MbShea@PWP@English@UMCP

Abstract:
P vs NP is a major unsolved problem in computer science that would have immense implications. This deals with the solvability of any problem and how fast an algorithm can be executed. A problem is in class P if an algorithm can find a solution in polynomial time (as opposed to a slower running time, such as exponential). A problem is in class NP if given a possible solution as input, an algorithm can verify in polynomial whether the input solves the problem. Sudoku, for example, is clearly in NP since checking whether a completed board is valid or not is simple and quick. Writing an algorithm to solve Sudoku boards from a starting position, however, is much more tricky. If a problem is in P, then the problem is also in NP since solving the problem is always more complicated than verifying a solution. However, no one knows whether the converse is true or not. This gives rise to major question: does P = NP? That is, if a problem has solutions that can be quickly verified, can the problem itself be quickly solved? Most computer scientists believe this is not true, although no formal proof has been formulated. This is due to the efficiency of algorithms: for complex problems, better algorithms may exist but not yet been discovered.

WC = 221

Reader’s Profile:
Someone who has no interest in computers or science or complex mathematical proofs would find this boring and have a “who cares” attitude.

Reader’s Response:
It seems pretty obvious to me that solving problems is harder than verifying solution. You also make this seem like it’s super important and will have some huge critical impact on society when in reality it’s just another math paper. It sounds way too general to have any real solution and you should focus your efforts on things more practical and innovative for society.

Thesis:
The P vs NP problem questions whether for a given problem, if a particular solution can be verified relatively quickly, then the problem itself can also be solved relatively quickly.
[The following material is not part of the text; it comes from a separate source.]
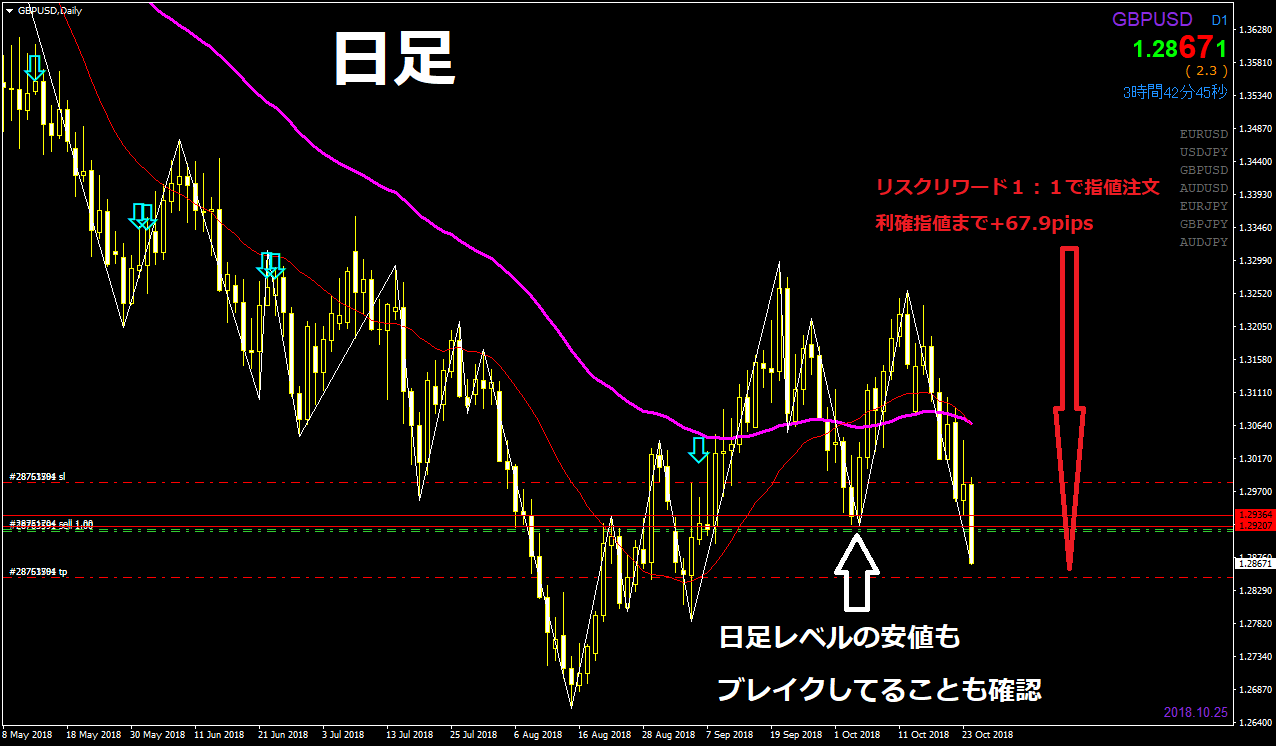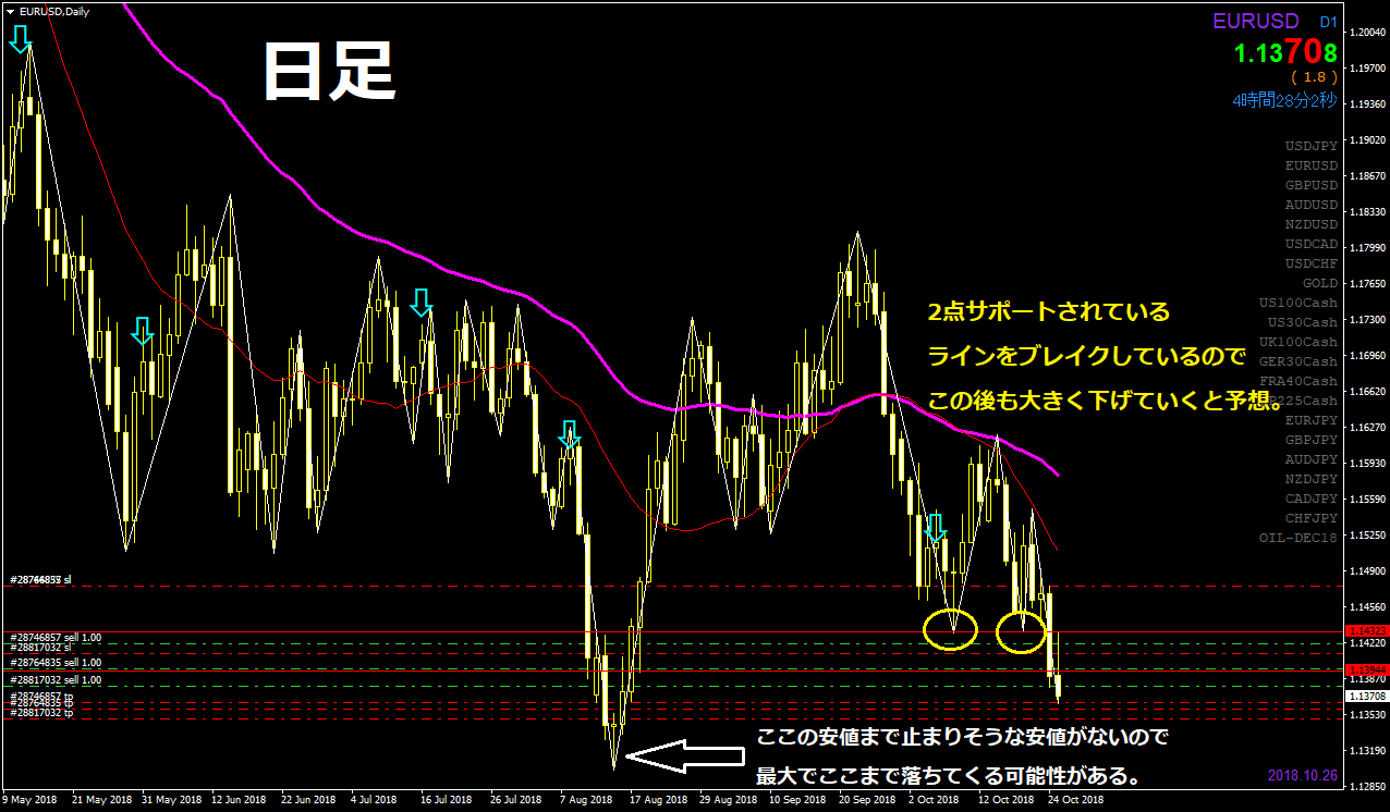 日足レベルのサポートラインもブレイクしていることを確認しました。
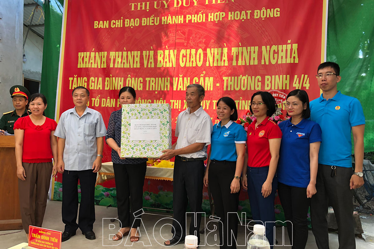 Ban chỉ đạo chương trình phối hợp hoạt động thị xã Duy Tiên khánh thành bàn giao nhà tình nghĩa

Most computer scientists believe that this is not true, but no formal proof has been created, primarily due to the complex nature of the problem. In fact, the problem is so complicated that I have found that many explanations of P vs NP are very technical and difficult to understand. Therefore, I want to provide a clear explanation and a general overview of P vs NP to those who have some understanding of computer science but not necessarily enough to formulate a proof.

Voice:
3rd person for most, maybe 1st person if I describe why I am writing this.

Citation:
APA citations throughout.

L, you can open this analysis with a first person note of introduction, where you address "why."

Then, the rest of the analysis can rest in third person voice.

Also, ask me about Polya. I poked around and found this lecture slide set that opens with a P NP discussion and later spend time on Polya's problem solving method. Enjoy. And, ask my about how I know Polya.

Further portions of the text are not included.